* [Exercise objective]: Both the line below containing "в Богодуховском горсовете." and the line containing "Welcome to this", along with every line between them, should be repeated exactly; no other line belongs in the answer.

* [Dataset]:
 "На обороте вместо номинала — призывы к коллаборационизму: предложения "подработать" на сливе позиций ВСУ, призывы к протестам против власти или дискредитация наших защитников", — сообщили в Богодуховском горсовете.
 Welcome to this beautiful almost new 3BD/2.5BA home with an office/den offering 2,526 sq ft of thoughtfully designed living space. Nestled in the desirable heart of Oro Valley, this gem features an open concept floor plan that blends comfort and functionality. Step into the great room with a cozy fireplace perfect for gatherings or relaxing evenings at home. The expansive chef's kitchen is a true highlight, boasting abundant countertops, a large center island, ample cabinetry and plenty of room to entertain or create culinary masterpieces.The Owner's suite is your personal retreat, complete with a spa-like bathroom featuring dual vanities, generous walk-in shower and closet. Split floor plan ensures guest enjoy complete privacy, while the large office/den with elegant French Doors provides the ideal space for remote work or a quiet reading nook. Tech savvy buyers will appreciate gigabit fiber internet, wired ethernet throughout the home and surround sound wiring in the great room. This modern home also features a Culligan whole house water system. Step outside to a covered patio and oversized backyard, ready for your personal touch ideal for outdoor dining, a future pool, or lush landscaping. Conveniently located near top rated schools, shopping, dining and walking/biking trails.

---

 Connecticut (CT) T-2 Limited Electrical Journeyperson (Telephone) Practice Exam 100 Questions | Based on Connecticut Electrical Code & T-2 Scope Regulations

...

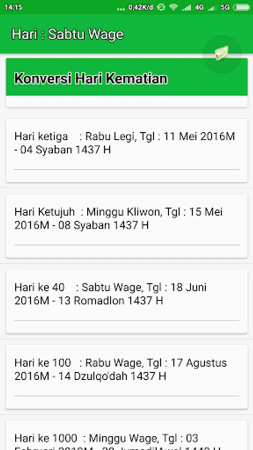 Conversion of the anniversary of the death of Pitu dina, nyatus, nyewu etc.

* [Answer for the task]:
 "На обороте вместо номинала — призывы к коллаборационизму: предложения "подработать" на сливе позиций ВСУ, призывы к протестам против власти или дискредитация наших защитников", — сообщили в Богодуховском горсовете.
 Welcome to this beautiful almost new 3BD/2.5BA home with an office/den offering 2,526 sq ft of thoughtfully designed living space. Nestled in the desirable heart of Oro Valley, this gem features an open concept floor plan that blends comfort and functionality. Step into the great room with a cozy fireplace perfect for gatherings or relaxing evenings at home. The expansive chef's kitchen is a true highlight, boasting abundant countertops, a large center island, ample cabinetry and plenty of room to entertain or create culinary masterpieces.The Owner's suite is your personal retreat, complete with a spa-like bathroom featuring dual vanities, generous walk-in shower and closet. Split floor plan ensures guest enjoy complete privacy, while the large office/den with elegant French Doors provides the ideal space for remote work or a quiet reading nook. Tech savvy buyers will appreciate gigabit fiber internet, wired ethernet throughout the home and surround sound wiring in the great room. This modern home also features a Culligan whole house water system. Step outside to a covered patio and oversized backyard, ready for your personal touch ideal for outdoor dining, a future pool, or lush landscaping. Conveniently located near top rated schools, shopping, dining and walking/biking trails.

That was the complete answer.